Trial emulation using case-control design: Analysis

Once the analytical dataset is created, the observational analog of the intention-to-treat effect can be estimated by comparing the treatment initiation status at enrollment of case person trials with control person trials using a pooled logistic regression model, adjusting for confounders measured at or before enrollment. If each patient is allowed to enroll in multiple trials, the variance of the estimated effect size should be adjusted for the within person correlation of person trials using an appropriate variance estimator, such as a robust variance estimator.24 More details are provided in section 2.2 of the guideline (see supplemental file 1).
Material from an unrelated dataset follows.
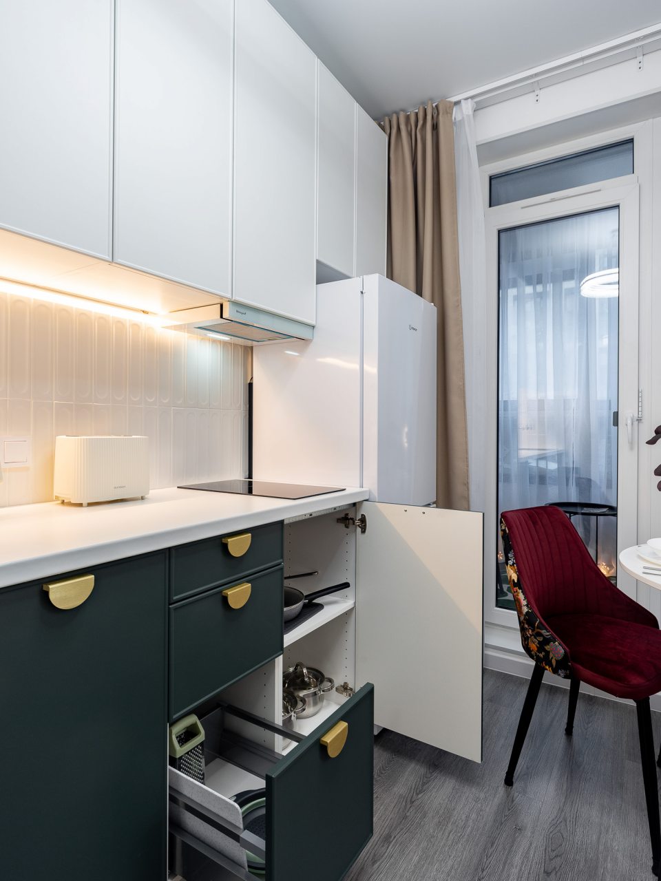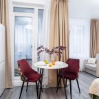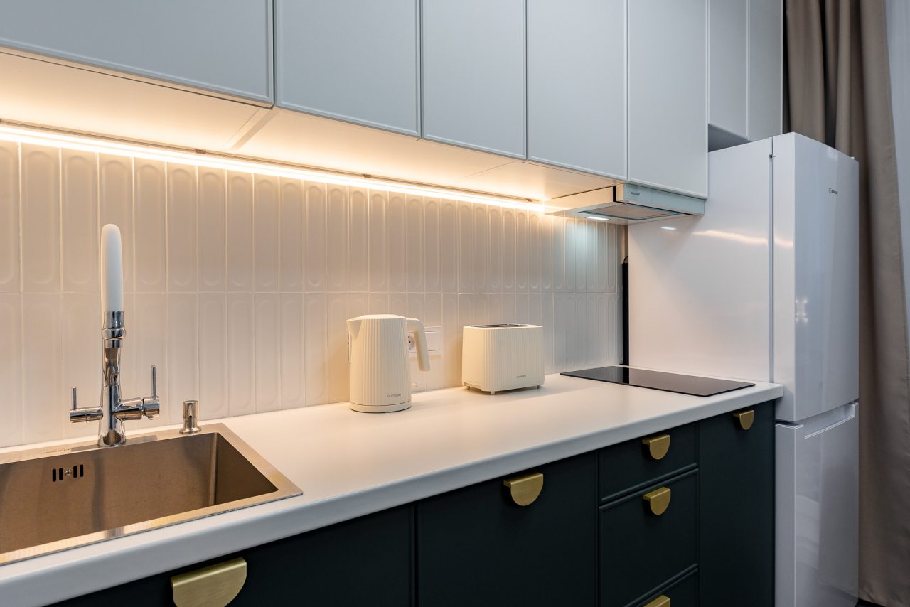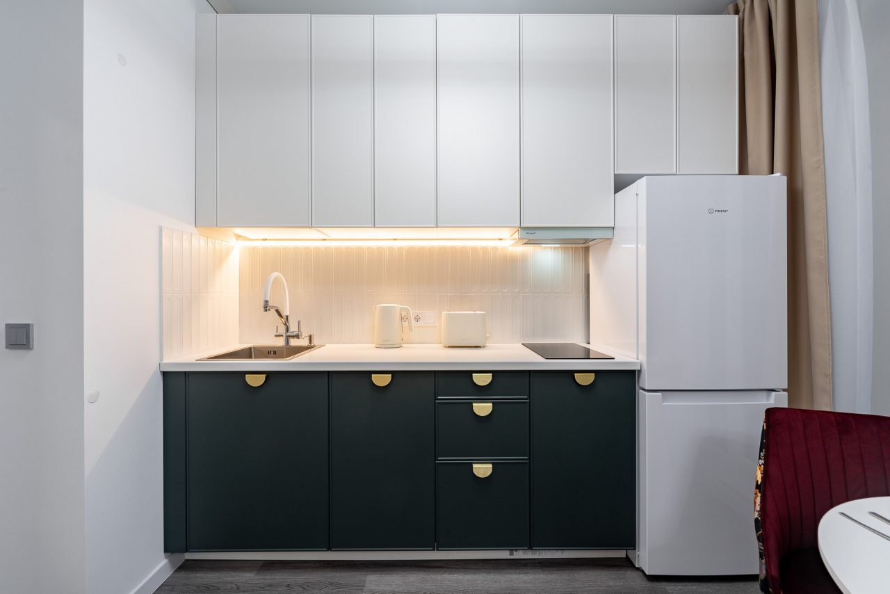 Небольшая кухня укомплектована обеденной зоной, посудой и необходимой техникой: электрический чайник, тостер, варочная панель, холодильник. Неподалеку работает пекарня и супермаркет.

To adjust for imperfect adherence and estimate a per protocol effect, we propose artificially censoring non-adherent person trials when they deviate from their assigned treatment strategy at the time of treatment discontinuation. The resulting dataset will only include person trials that are always adherent to assigned treatment. To adjust for potential selection bias due to censoring because of imperfect adherence, inverse probability weights should be estimated using time varying data on prognostic factors associated with the probability of treatment. In section 2.3 of the guideline (see supplemental file 1), we explain in detail how to include such time varying factors in an expanded dataset of case person trials and control person trials. Inverse probability weights should be estimated in the control population because controls represent the target population, whereas the association between treatment and confounders may be different among cases.25 A similar approach using inverse probability weights can also be used to adjust for differential loss to follow-up (eg, due to disenrollment or competing risks) by including factors associated with loss to follow-up in the time varying dataset.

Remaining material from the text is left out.